Télécoms & transformation numérique - Dakar s’impose comme centre névralgique des réseaux africains
vendredi 8 mai 2026
Dix ans après son lancement, le Global Network Operations Center (GNOC) de Sonatel-Orange s’est imposé comme l’un des piliers de l’infrastructure numérique africaine. Depuis Dakar et Abidjan, ce centre stratégique supervise désormais les réseaux de 12 pays et plus de 100 millions de clients, illustrant la montée en puissance du Sénégal dans l’économie numérique continentale.

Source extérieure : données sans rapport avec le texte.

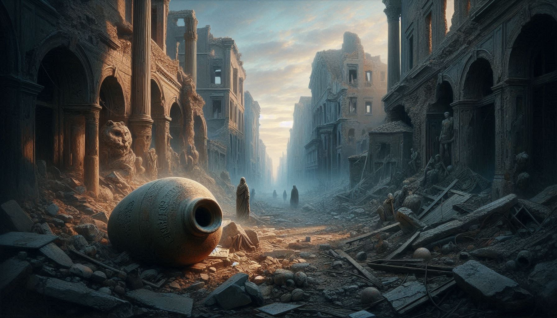 O mundo parece ter parado no tempo. A guerra, em sua imensidão destrutiva, não deixa mais espaço para o som da esperança. Onde antes havia movimento e vida, agora há apenas um vazio ensurdecedor, um silêncio profundo que se instala nas casas, nas ruas, nas mentes. Cada passo dado parece ressoar como um eco distante, sem direção, sem significado. Os corações, outrora cheios de sonhos e anseios, agora se encontram vazios, como uma taça quebrada que nunca mais será preenchida.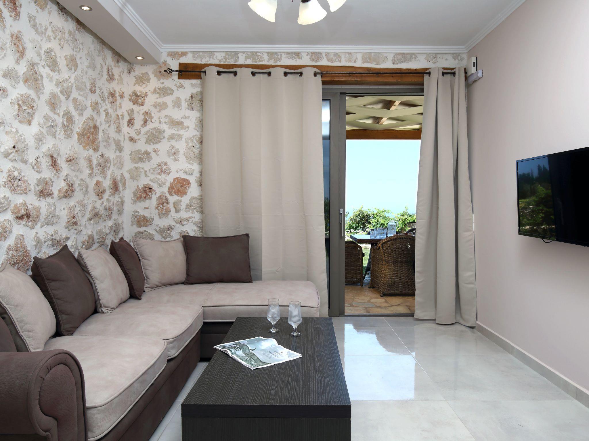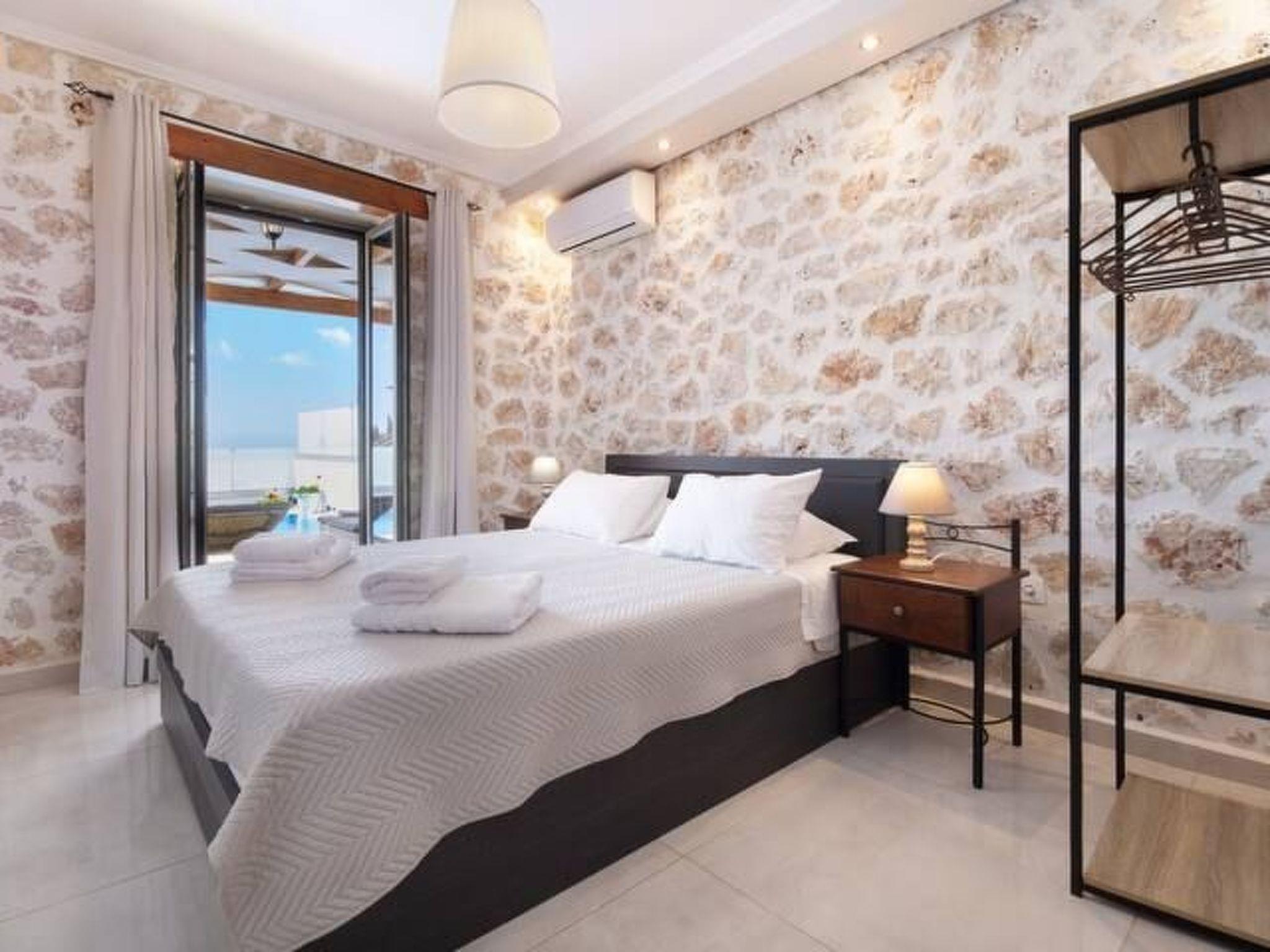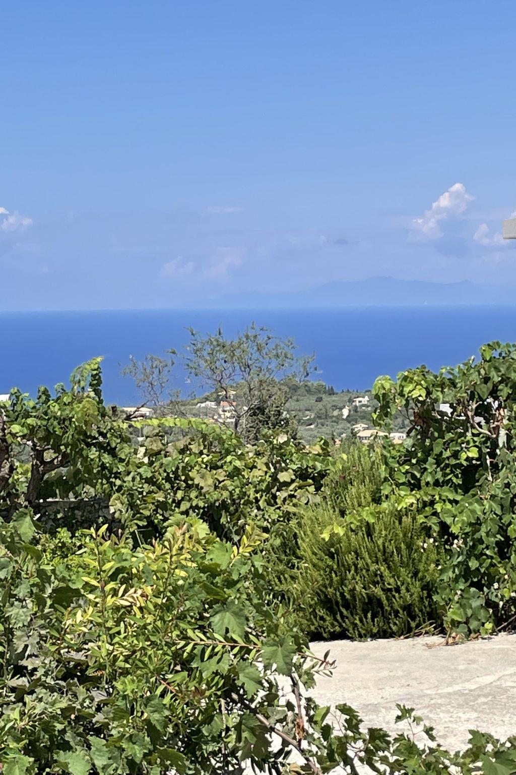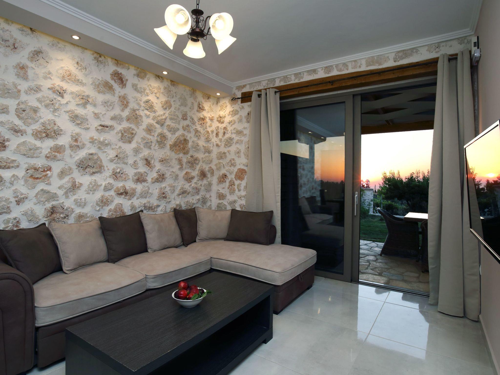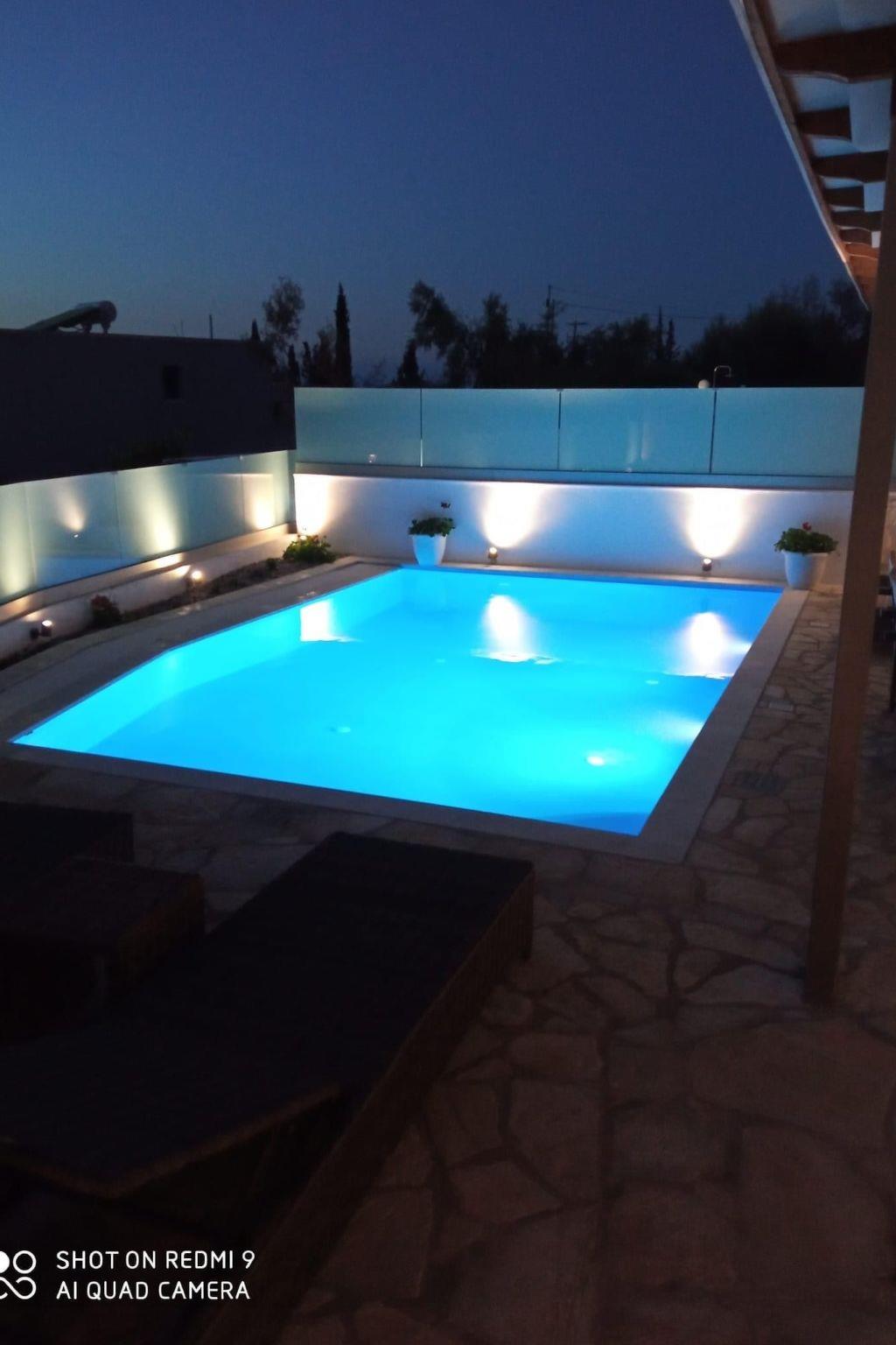 The outdoor area is perfect for relaxing moments, featuring a private swimming pool, comfortable seating area, BBQ, and a stunning view of the Ionian Sea and the sunset.

Loin des projecteurs, mais au cœur de la connectivité africaine, le Global Network Operations Center (GNOC) de Sonatel célèbre cette année une décennie d’activité. Mis en service en 2016 grâce à un partenariat stratégique entre Sonatel-Orange et le groupe chinois Huawei, ce dispositif technologique est progressivement devenu l’épine dorsale opérationnelle des réseaux d’Orange en Afrique et au Moyen-Orient.
Réparti entre Dakar et Abidjan, le centre assure une supervision continue, 24 heures sur 24 et 7 jours sur 7, des infrastructures télécoms de l’opérateur dans douze pays africains. En dix ans, le GNOC a considérablement étendu son périmètre d’action, au point de devenir un outil central de pilotage de la performance réseau pour plus de 100 millions d’abonnés.
Au-delà des volumes traités, le projet illustre surtout l’évolution du Sénégal dans la chaîne de valeur numérique régionale. Initialement conçu comme un centre de supervision technique, le GNOC s’est progressivement transformé en plateforme avancée d’innovation technologique, intégrant désormais le big data, l’automatisation intelligente et les outils d’intelligence artificielle appliqués à l’exploitation des réseaux.
Cette modernisation permet aujourd’hui d’anticiper certains incidents techniques, de réduire les délais de résolution des pannes et d’améliorer la continuité des services numériques, qu’il s’agisse de téléphonie mobile, d’internet haut débit, de streaming ou encore de services financiers mobiles, dont la croissance reste particulièrement soutenue en Afrique subsaharienne.
Un levier de souveraineté technologique
À travers cette infrastructure, Orange poursuit également une logique de mutualisation régionale de ses opérations techniques. En centralisant depuis Dakar une partie importante de la gestion de ses réseaux africains, le groupe optimise ses coûts d’exploitation tout en harmonisant les standards de qualité sur des marchés aux niveaux d’infrastructures très disparates.
Le modèle contribue par ailleurs à renforcer l’ancrage technologique du Sénégal dans l’économie numérique continentale. Selon Sonatel, plus de 230 emplois qualifiés ont été créés localement autour du GNOC dans des domaines à forte valeur ajoutée : ingénierie réseau, cybersécurité, automatisation des systèmes et intelligence artificielle.
Lors des célébrations marquant les dix ans du centre, Brelotte Bâ a souligné les ambitions futures du dispositif, notamment dans les domaines de la 5G et de l’intelligence artificielle appliquée aux télécommunications. Pour le dirigeant, le GNOC devra accompagner la prochaine phase de transformation numérique du continent et consolider le leadership d’Orange sur les marchés africains. Même tonalité du côté de Ben Cheick Haidara, qui a insisté sur l’importance du développement des compétences locales et de la création de valeur durable à travers les infrastructures numériques stratégiques.
Huawei consolide son ancrage technologique
Partenaire historique du projet, Huawei a également renforcé sa coopération avec Sonatel autour des technologies d’automatisation et d’intelligence artificielle destinées à la gestion prédictive des réseaux. Pour Danwill Duan, l’objectif est désormais de bâtir des réseaux « intelligents, performants et résilients », capables d’accompagner l’explosion des usages numériques en Afrique.
À moyen terme, le GNOC pourrait ainsi jouer un rôle décisif dans le déploiement de la 5G sur le continent, mais aussi dans l’intégration de solutions d’intelligence artificielle avancée au sein des infrastructures télécoms africaines. Un enjeu majeur pour la compétitivité numérique régionale, alors que les télécommunications deviennent un levier central de souveraineté économique et technologique.